I hate to sound negative, but if you think keeping yourself looking nice will keep your husband from straying, you're just wrong.

Well, sure. Obviously. I wasn't intending to suggest otherwise.

My point was simply that, I appreciate my husband's gift of sexual fidelity (and he appreciates my gift of faithfulness to him) and one of the ways I show him gratiude and love is by making a smallish effort to remain pretty for him. I think we women kid ourselves when we refuse to acknowledge the role of visual stimulation in a healthy monogomous relationship. Plastic surgery may be over my personal line, but then again, it may not. It hasn't come up, so I've never had to consider it in any kind of real way. But I'd at least consider it. (And if my husband got fat, and I asked him to consider losing weight for me, I'd expect him to take my request seriously. Only fair.)
 
Personally I'm not a big fan of cosmetic surgery. For one thing, 99% of people look better with what nature gave them. Besides, who really wants to grab a hold of some hot, sexy, surgically-implanted rubber? How is that attractive? If he doesn't care if they're real or not why not tell him to get his own set? Aside from the fact that he'll never get any work done again that is...
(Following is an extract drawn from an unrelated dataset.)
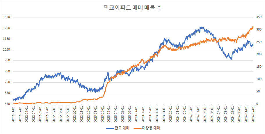 대장동아파트 매매 매물 수는 전고점을 넘어서면서 본격 상승 추세를 보이고 있는데, 이번주에는 큰 폭으로 증가했습니다.

On a more serious note, you're taking your life in your hands every time you go under the knife. It's not a huge risk, but it still isn't one I'd reccommend anyone take unless there was some kind of health-threatening condition. I think it's a bit of an unfair request for someone to ask their partner to take this kind of risk (and to endure the post-surgical pain/recovery and the potential for other complications) so they have something bigger to put their hands around.

My advice would be to leave them alone. They're probably fine the way they are.
 
On a more serious note, you're taking your life in your hands every time you go under the knife. It's not a huge risk, but it still isn't one I'd reccommend anyone take unless there was some kind of health-threatening condition. I think it's a bit of an unfair request for someone to ask their partner to take this kind of risk (and to endure the post-surgical pain/recovery and the potential for other complications) so they have something bigger to put their hands around.

...after reading your post that there was a woman who lived near me who had complications and eventually died because of complications from implants. It wasn't an immediate death, but her husband took care of her for a long time and they had a really difficult struggle. I promised myself then that I would't get any work done.

However, that was many years ago, and after having a baby and nursing, the girls could really use a lift. 😳 If $$ wasn't an issue, I'd seriously consider perking up.